======== The data ========

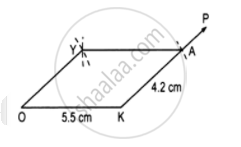 एक समांतर चतुर्भुज OKAY जहाँ OK = 5.5 cm और KA = 4.2 cm है।
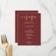 These Fancy Burgundy and Gold Typography Menu Cards will set the stage for an elegant dining experience. The faux gold foil for the word "menu" will pair nicely to many different background colours if you wish to customise.
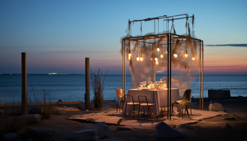 casual dinner by the sea, inspired by Salvador Dali and Wes Anderson, --c 22 --s 55 --style raw --ar 7:4

========

* **Work task**:
Your output must reproduce the material above in full, with no pictures.

* **Answer to the exercise**:
 एक समांतर चतुर्भुज OKAY जहाँ OK = 5.5 cm और KA = 4.2 cm है।
 These Fancy Burgundy and Gold Typography Menu Cards will set the stage for an elegant dining experience. The faux gold foil for the word "menu" will pair nicely to many different background colours if you wish to customise.
 casual dinner by the sea, inspired by Salvador Dali and Wes Anderson, --c 22 --s 55 --style raw --ar 7:4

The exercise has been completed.